T.C. Merkez Bankası’nın 2010/2 sayılı tebliğinin 3/4-i. maddesi hükmünde, “Çeklerin basımında, Çek Kanunu ile bu tebliğde belirtilen bu hususlarla birlikte, çekin keşide yeri ve keşide tarihi dâhil, Türk Ticaret Kanununda yer alan çekin şekline ilişkin diğer unsurlar da gözönünde bulundurulur” denilmek suretiyle çek defteri yaprağında “çek” kelimesinin yer alması gerektiği vurgulanmıştır.Öğretide, senet metninde birden fazla dil kullanılmış ise, senet metninde “ödeyiniz” kelimesi hangi dilde yazılmış ise, “çek” kelimesinin de aynı dilde yazılmış olması gerektiği savunulmaktadır.
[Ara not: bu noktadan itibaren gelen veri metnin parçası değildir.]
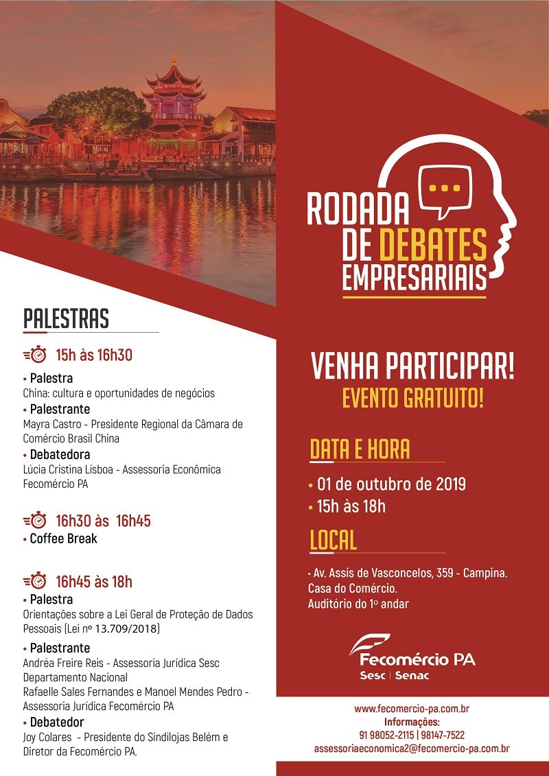 A Federação do Comércio de Bens, Serviços e Turismo do Estado do Pará (Fecomércio PA) promove na tarde desta terça-feira (01), na Casa do Comércio, o evento Rodada de Debates Empresariais. Com entrada gratuita, o evento contará com as palestras "China: cultura e oportunidades de negócios" e "Orientações sobre a Lei Geral de Proteção de Dados Pessoais (Lei Nº 13.709/2018). O evento é uma oportunidade de conhecer os processos que envolvem o mercado exterior, além de oportunizar a troca de experiências, networking e experiências sobre o seu segmento.

Çek kelimesinin yazılmaması halinde, söz konusu senedin adi havale sayılması söz konusu olacaktır. Hatta çek kelimesi yerine “havale” kelimesinin kullanılması da yeterli değildir.

4.1.2.Belirli Bir Bedelin Ödenmesi İçin Kayıtsız ve Şartsız Havale

Bir senedin çek olarak nitelendirilebilmesi için ikinci şart ise senet metninde, belirli bir bedelin ödenmesi hususunda kayıtsız ve şartsız bir havale ihtiva etmesidir. Bu unsurun yerine getirilebilmesi için senet metninde “ödeyiniz” şeklinde bir kaydın bulunması gerekmektedir. Aksi durum, çekin geçersizliğine neden olur.(TK m.780/1-b)
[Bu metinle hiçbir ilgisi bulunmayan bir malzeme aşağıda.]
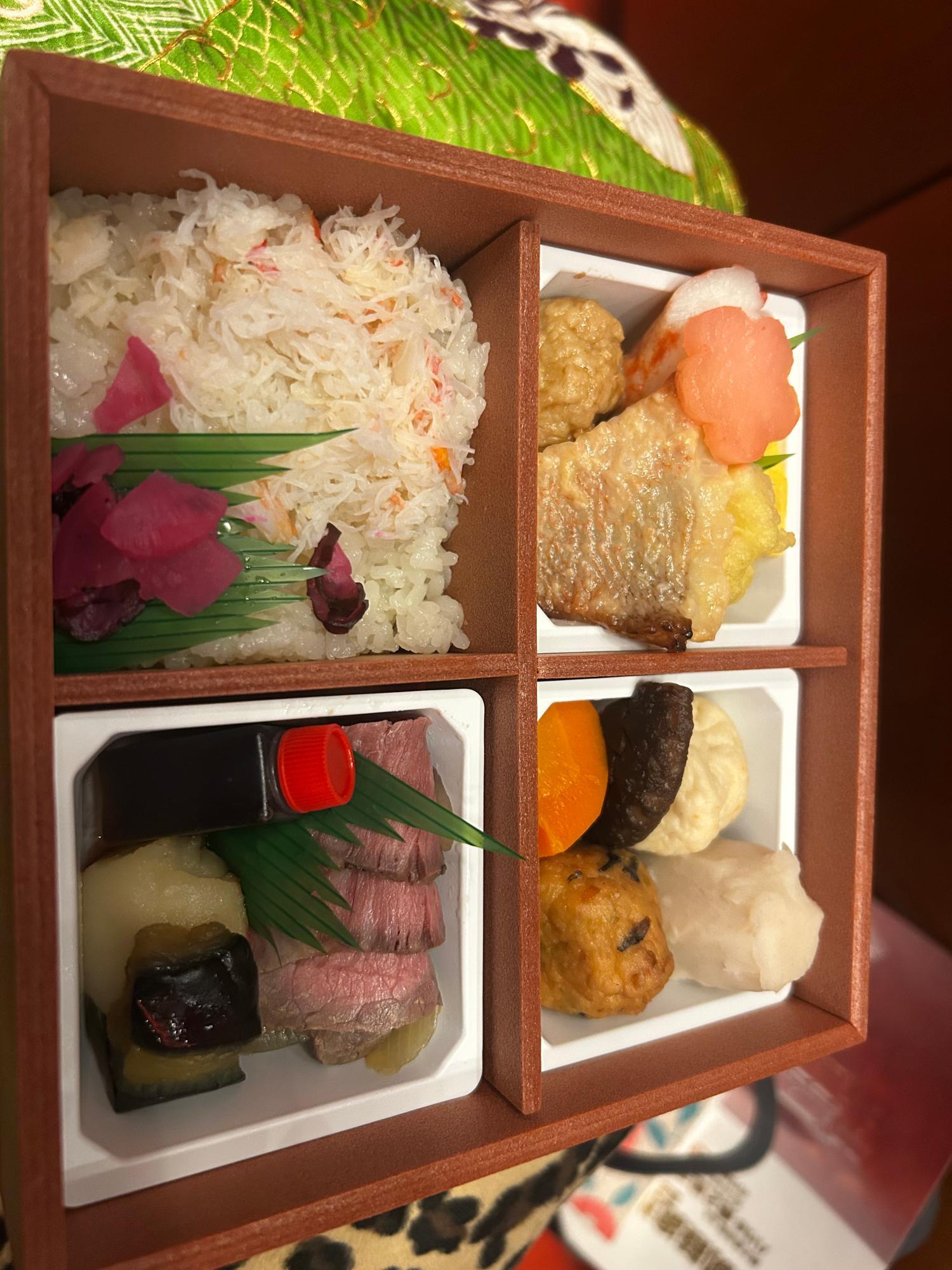 今回は、蟹とローストビーフのお弁当をいただきました。あっという間に食べ終わってしまいました!

Örneğin “hesabımız uygunsa…ödeyiniz”, “nezdinizde doğacak alacağımdan…ödeyiniz” gibi kayıtlar senedin çek niteliğini kaybetmesi sonucu doğurur. Bunun gibi çeke “şarta bağlı olarak cezai şart” kaydı konulması da çeki geçersiz kılar.

Çeklerdeki kayıtsız ve şartsız havale kaydının gerekçesi, kambiyo senetlerinin mücerret olması ve tedavül kudretinin güvence altına alınmasıdır.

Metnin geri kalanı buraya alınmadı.